Liz McCully looks forward to Baltimore’s St. Patrick’s Day parade each year when she’s able to attend with a celebrity.
Finbarr, her massive Colonial Newfoundland, typically steals the show. Dressed in a green hat, oversized green bow-tie collar and wearing a Saint Patrick’s themed table runner for a shawl, the 150-pound with billowing black fur regularly turns heads and attracts a ton of attention.
“He just loves people so much,” said the 53-year-old Fallston resident, who marched in the parade with other members of the Colonial Newfoundland Rescue group. “When people don’t come over to them, he thinks something is wrong.”
She added: “It’s a day when strangers come and talk. I’m usually afraid to come into the city. But he [dog] makes that connection.”
McCully was one of an estimated 40,000 attendees at the annual parade, according to organizers. The day also featured a 5K race and a Mass at the Basilica of the Assumption.
“It’s a pretty happy event,” said Sean Hackett, general chairman of the parade.
Hackett said preparations for the parade begin in September.
“Into June we’re finishing up and still getting bills paid,” he explained, adding that 16 bands, 14 local Irish organizations and a number of additional groups made up the participants this year.
“It’s good to watch,” Hackett said.
And watch they did. Parade-goers, who lined both sides of Charles Street. from the start at the Washington Monument to the east on Pratt Street and eventually at Market Place, created a green wave and contributed to the sensory overload that was the parade.
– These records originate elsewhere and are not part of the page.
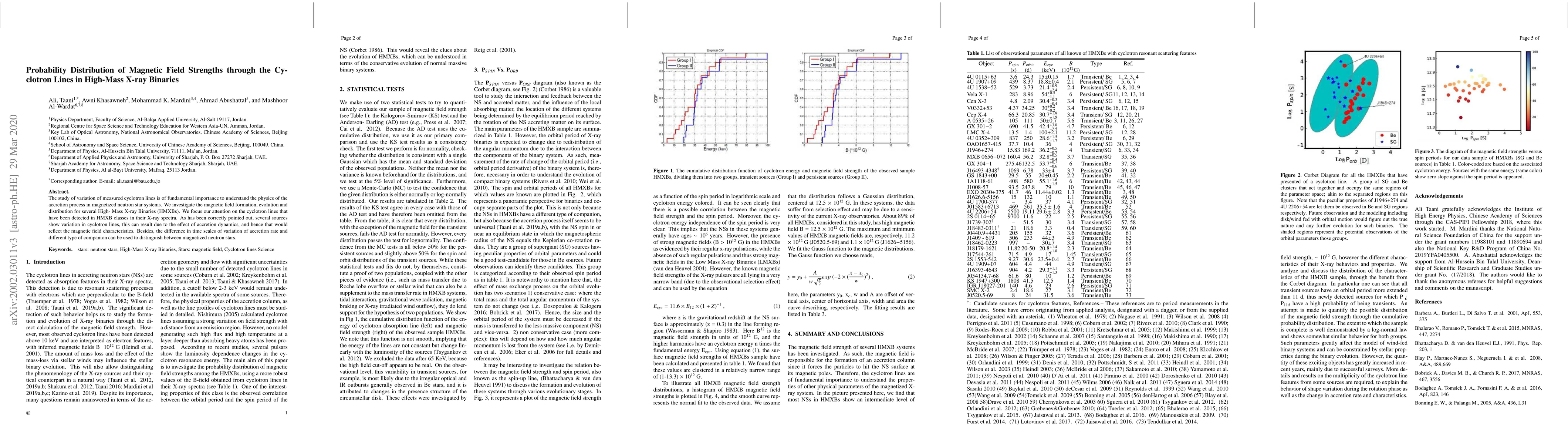 This paper investigates the probability distribution of magnetic field strengths in High-Mass X-ray Binaries (HMXBs) through cyclotron lines in their X-ray spectra, aiming to understand the accretion dynamics and magnetic field characteristics of magnetized neutron stars. Variations in cyclotron lines are analyzed to distinguish between different types of neutron stars based on accretion rate and companion type.
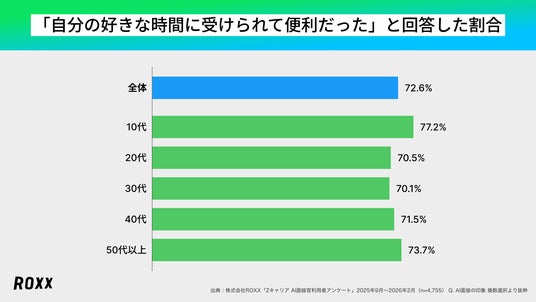 利便性への支持については、すべての年代において70%以上が肯定的に回答しました。企業と候補者がリアルタイムで時間を合わせる必要のない「非同期面接」の合理性が、ライフスタイルや就業状況を問わず広く受容されていることが確認されました。
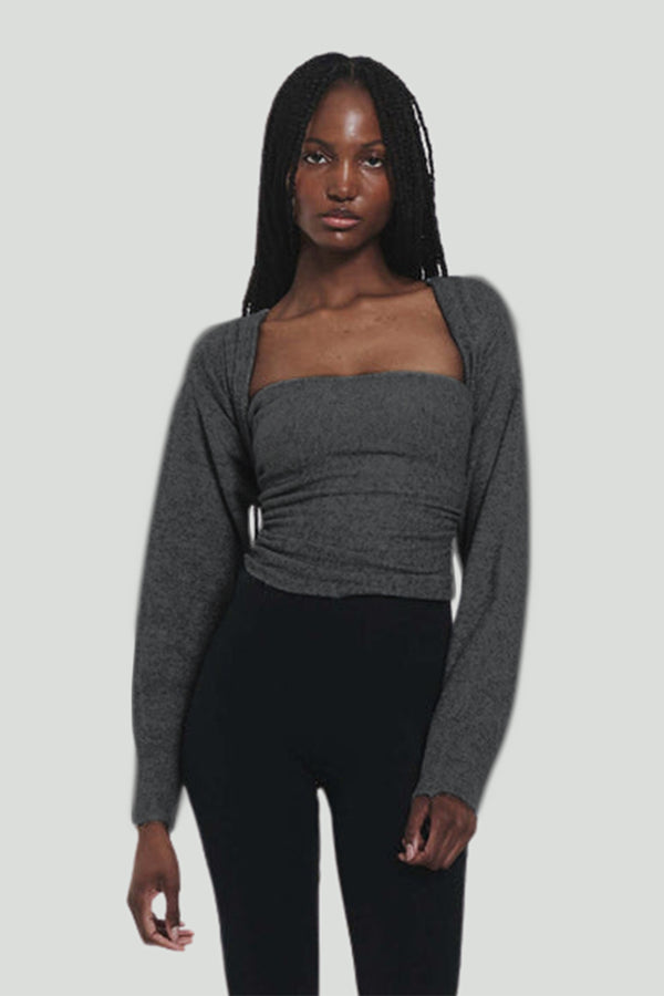 CASHMERE WOOL MULTI-WAY BOLERO TOP IN CHARCOAL
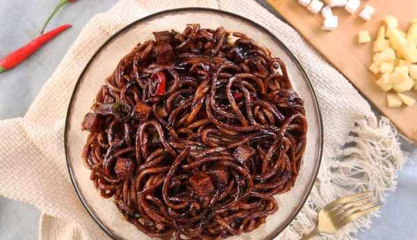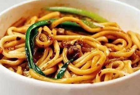 4. 將面條撈出瀝幹,放入調料碗中,再舀上芽菜素肉末末即成。
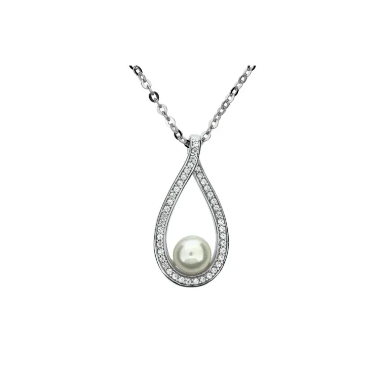 Halsband med vit sötvattenspärla och vita cubik zirkoner, äkta silver 925. Kedja ingår.

A slew of floats, bands — and the sounds associated with them — filled the usually calm section of Mount Vernon.
The rhythmic pounding from a high school drum line drowned out the melodic notes of bagpipes.
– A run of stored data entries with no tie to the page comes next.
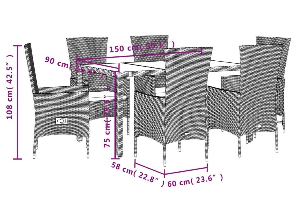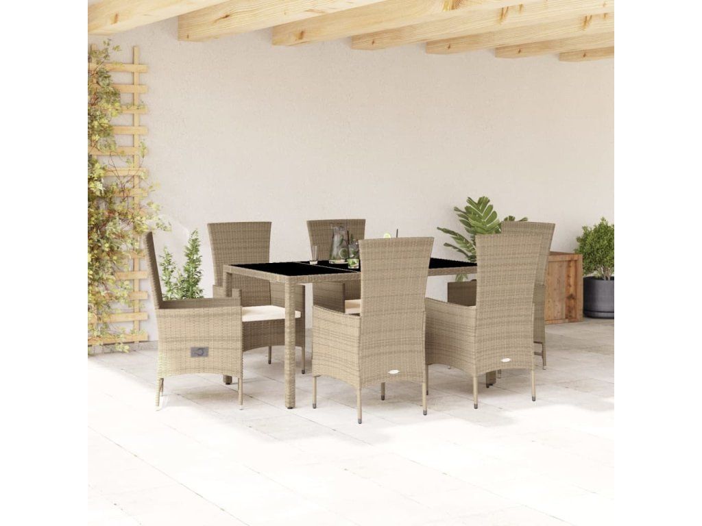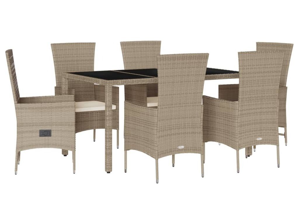7dílný zahradní jídelní set s poduškami béžový polyratan [3277577]
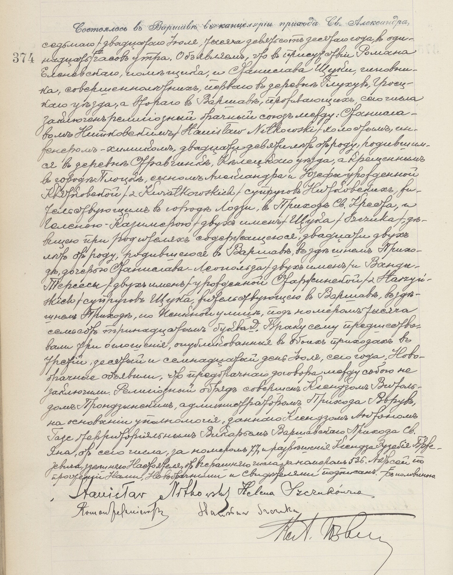 | sw.202099 | sw.289545 | sw.289546 (13.553.61) | sw.289547 (13.553.60) | Akt małżeństwa: Warszawa św. Aleksander (obecn. m. Warszawa), 374/1910 [indeks na http://geneteka.genealodzy.pl/] http://metryki.genealodzy.pl/metryka.php?ar=8&zs=9214d&sy=326&kt=1&skan=374.jpg [podgląd] |
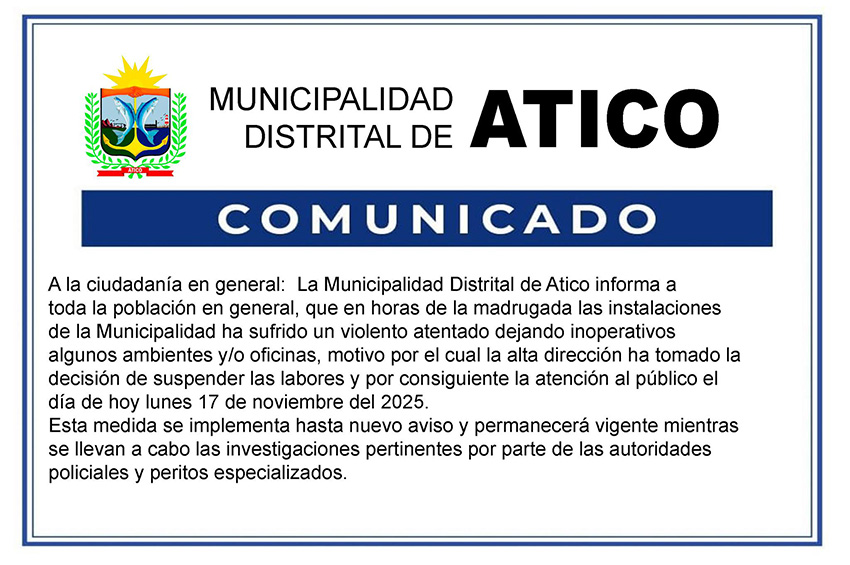 La Fiscalía Provincial Penal Corporativa de Caravelí inició una investigación preliminar por el presunto delito de extorsión, luego de que una fuerte explosión ocurriera en la fachada de la Municipalidad Distrital de Atico, provincia de Caravelí (Arequipa), durante la madrugada del 17 de noviembre.

“It’s getting close,” a woman gushed to a group of children she was leading down the street.
Ryan O’Neil, a Philadelphia resident who has attended the parade in Baltimore for the past 10 years, sells pretzels. He said he typically sells about 150 through the course of the day.
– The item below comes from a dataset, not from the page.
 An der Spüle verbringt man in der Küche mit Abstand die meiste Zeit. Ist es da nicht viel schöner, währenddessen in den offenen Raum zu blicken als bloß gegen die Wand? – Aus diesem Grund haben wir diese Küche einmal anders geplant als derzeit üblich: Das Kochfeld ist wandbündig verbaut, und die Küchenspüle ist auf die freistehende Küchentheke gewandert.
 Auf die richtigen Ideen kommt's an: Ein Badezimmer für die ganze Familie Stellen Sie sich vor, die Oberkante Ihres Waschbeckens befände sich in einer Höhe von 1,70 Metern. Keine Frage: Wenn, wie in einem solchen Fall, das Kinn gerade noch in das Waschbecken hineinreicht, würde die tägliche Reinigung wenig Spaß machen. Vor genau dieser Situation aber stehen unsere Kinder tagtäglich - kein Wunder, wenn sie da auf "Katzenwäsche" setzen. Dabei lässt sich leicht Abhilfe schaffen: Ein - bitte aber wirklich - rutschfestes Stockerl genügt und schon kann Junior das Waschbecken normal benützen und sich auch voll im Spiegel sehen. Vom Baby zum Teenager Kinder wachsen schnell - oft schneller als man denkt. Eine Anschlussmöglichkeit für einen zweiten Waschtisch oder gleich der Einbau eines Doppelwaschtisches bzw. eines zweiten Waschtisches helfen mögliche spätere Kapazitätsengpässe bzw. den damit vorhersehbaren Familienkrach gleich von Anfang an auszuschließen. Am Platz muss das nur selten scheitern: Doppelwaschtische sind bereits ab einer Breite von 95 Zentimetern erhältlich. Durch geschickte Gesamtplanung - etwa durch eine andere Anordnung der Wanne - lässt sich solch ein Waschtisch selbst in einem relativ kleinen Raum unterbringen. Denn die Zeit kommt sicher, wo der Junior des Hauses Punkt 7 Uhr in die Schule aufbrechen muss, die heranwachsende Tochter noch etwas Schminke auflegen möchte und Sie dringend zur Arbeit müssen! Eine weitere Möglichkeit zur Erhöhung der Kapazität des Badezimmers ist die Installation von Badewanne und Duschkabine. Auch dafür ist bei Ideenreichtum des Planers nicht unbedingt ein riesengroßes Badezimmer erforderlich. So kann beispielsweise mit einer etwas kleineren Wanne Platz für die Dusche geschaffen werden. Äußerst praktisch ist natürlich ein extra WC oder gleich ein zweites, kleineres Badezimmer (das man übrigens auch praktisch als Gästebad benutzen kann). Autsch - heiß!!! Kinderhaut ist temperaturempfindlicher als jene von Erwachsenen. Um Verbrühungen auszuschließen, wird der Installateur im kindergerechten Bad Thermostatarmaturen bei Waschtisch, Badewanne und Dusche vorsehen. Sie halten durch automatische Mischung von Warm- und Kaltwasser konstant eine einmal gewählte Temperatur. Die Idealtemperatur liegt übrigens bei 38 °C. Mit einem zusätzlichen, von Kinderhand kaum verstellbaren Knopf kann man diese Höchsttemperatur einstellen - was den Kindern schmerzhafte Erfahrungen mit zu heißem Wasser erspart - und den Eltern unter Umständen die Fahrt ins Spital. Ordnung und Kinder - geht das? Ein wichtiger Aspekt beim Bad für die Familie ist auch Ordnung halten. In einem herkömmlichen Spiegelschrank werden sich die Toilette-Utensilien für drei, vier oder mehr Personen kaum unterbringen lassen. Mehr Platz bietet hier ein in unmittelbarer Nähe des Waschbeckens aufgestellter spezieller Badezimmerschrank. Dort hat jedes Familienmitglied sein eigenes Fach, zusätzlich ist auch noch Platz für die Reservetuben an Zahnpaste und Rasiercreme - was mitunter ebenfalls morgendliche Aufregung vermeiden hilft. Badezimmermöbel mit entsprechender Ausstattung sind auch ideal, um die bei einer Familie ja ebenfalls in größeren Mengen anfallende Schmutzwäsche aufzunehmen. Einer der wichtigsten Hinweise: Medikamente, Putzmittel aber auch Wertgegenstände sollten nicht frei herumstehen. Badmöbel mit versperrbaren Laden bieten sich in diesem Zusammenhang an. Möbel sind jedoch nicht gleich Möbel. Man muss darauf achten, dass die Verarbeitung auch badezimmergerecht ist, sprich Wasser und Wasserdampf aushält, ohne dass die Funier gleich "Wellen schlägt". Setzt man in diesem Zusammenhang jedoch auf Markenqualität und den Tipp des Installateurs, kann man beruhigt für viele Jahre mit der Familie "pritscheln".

“I like to be a part of the good atmosphere,” he said, as he pushed a grocery cart filled with golden brown salted soft pretzels, which he sold for two dollars apiece.
Gordon Schmitz and his girlfriend, Clarissa Price, loved watching Price’s grandson play in the Calvert Hall band.
“That’s my grandbaby,” she gushed. “I feel good about it. He’s a good kid.”
Schmitz liked the sense of community the parade fosters.
“I like the unity of different elements — both in the city and the surrounding areas,” the Roland Park resident said. “There are no problems and plenty of color and music. And I like to watch her grandson play. He’s a marvelous kid.”
The Rev. Martin Burnham, 52, said he’s been attending the parade since he was old enough to walk.
“Everybody is Irish on St. Patrick’s Day. It’s a huge family reunion,” said Burnham, who is the chaplain for the Ancient Order Of Hibernians, a nonprofit Irish Catholic fraternal organization. “I get to see family and friends from across the Irish community.”